WO2000056006A1 - Secure method for loading data between security modules - Google Patents
Secure method for loading data between security modules Download PDFInfo
- Publication number
- WO2000056006A1 WO2000056006A1 PCT/FR2000/000680 FR0000680W WO0056006A1 WO 2000056006 A1 WO2000056006 A1 WO 2000056006A1 FR 0000680 W FR0000680 W FR 0000680W WO 0056006 A1 WO0056006 A1 WO 0056006A1
- Authority
- WO
- WIPO (PCT)
- Prior art keywords
- module
- data
- sam
- memory
- rand
- Prior art date
Links
Classifications
-
- H—ELECTRICITY
- H04—ELECTRIC COMMUNICATION TECHNIQUE
- H04L—TRANSMISSION OF DIGITAL INFORMATION, e.g. TELEGRAPHIC COMMUNICATION
- H04L9/00—Cryptographic mechanisms or cryptographic arrangements for secret or secure communications; Network security protocols
- H04L9/08—Key distribution or management, e.g. generation, sharing or updating, of cryptographic keys or passwords
- H04L9/0816—Key establishment, i.e. cryptographic processes or cryptographic protocols whereby a shared secret becomes available to two or more parties, for subsequent use
- H04L9/0819—Key transport or distribution, i.e. key establishment techniques where one party creates or otherwise obtains a secret value, and securely transfers it to the other(s)
- H04L9/0822—Key transport or distribution, i.e. key establishment techniques where one party creates or otherwise obtains a secret value, and securely transfers it to the other(s) using key encryption key
Definitions
- the present invention relates to a method for securely loading secret data from a first security module to at least one second security module, said first module comprising at least one secret data file, said second module comprising a first non-memory volatile and a second volatile memory.
- the invention finds an application, particularly advantageous in the field of telephony.
- terminal administration systems which comprise a first security module embedded in an administration server and second security modules generally embedded in the aforementioned terminals.
- the terminals are called payphones.
- a second security module guarantees the validity of a user card inserted in a payphone, in particular through authentication of said card.
- said second security module includes in its first memory secret data making it possible to guarantee said validity of the user cards.
- the public phone administration systems as well as the secret data are managed by telephone operators.
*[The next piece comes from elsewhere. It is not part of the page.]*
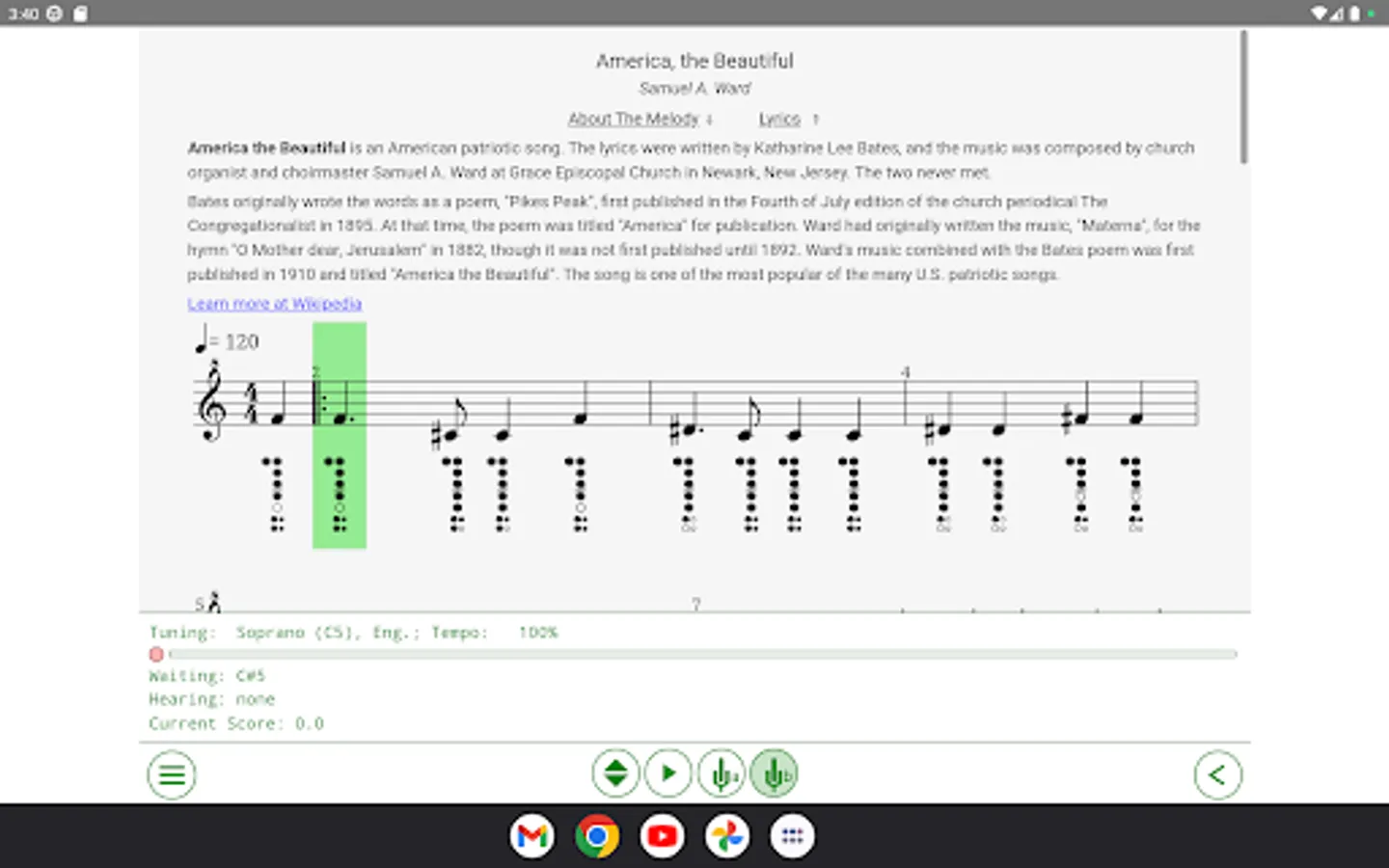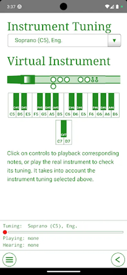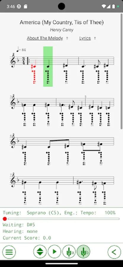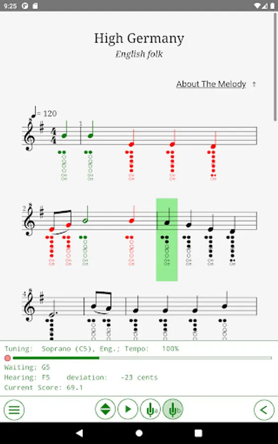 - Interactive training modes (recognition via the microphone of the music you play on a real world recorder, and scoring it against the music sheet);

In order to reduce the risk of fraud consisting in spying on a communication network connecting the server and the payphones and thus in discovering said secret data, operators are required to regularly modify all or part of the secret data of a second security module of a payphone, from secret data contained in a file of the first security module.
- a method known in the art comprises the steps according to which: the secret data of the first security module which must be transmitted to the second security module and which are located in the administration server are encrypted,
- the public phone connects to the administration server when no conversation is in progress
- the secret data are transmitted to the second security module located in the public phone.
- pseudo-random data based on a value of a counter contained in the second security module is used.
- the value of the counter is incremented, the first security module must know the value of said counter and increment a local counter dedicated to said second module.
- a technical problem to be solved by the object of the present invention is to propose a method for secure loading of secret data from a first security module to at least a second security module, said first module comprising at least a secret data file, said second module comprising a first non-volatile memory and a second volatile memory, which would guarantee a perfectly diversified data exchange between a first and a second security module, in "off-line" mode, while avoiding too heavy management of databases.
- a solution to the technical problem posed is characterized, according to the invention, in that said loading method comprises the steps according to which:
- a secret datum of the file of said first module is encrypted, from the random data and an encryption algorithm, said encrypted secret datum is sent to the second module,
- the information is transferred, comprising the random data from the first memory of the second module, from the said first memory to the second memory of the said module, - the encrypted secret secret data is decrypted, using a decryption algorithm and the random data , and, in the second module, said secret data decrypted is recorded.
- the loading method of the invention makes it possible, by using random data for loading secret data, to improve the security of loading data by perfectly diversifying the transmitted data. .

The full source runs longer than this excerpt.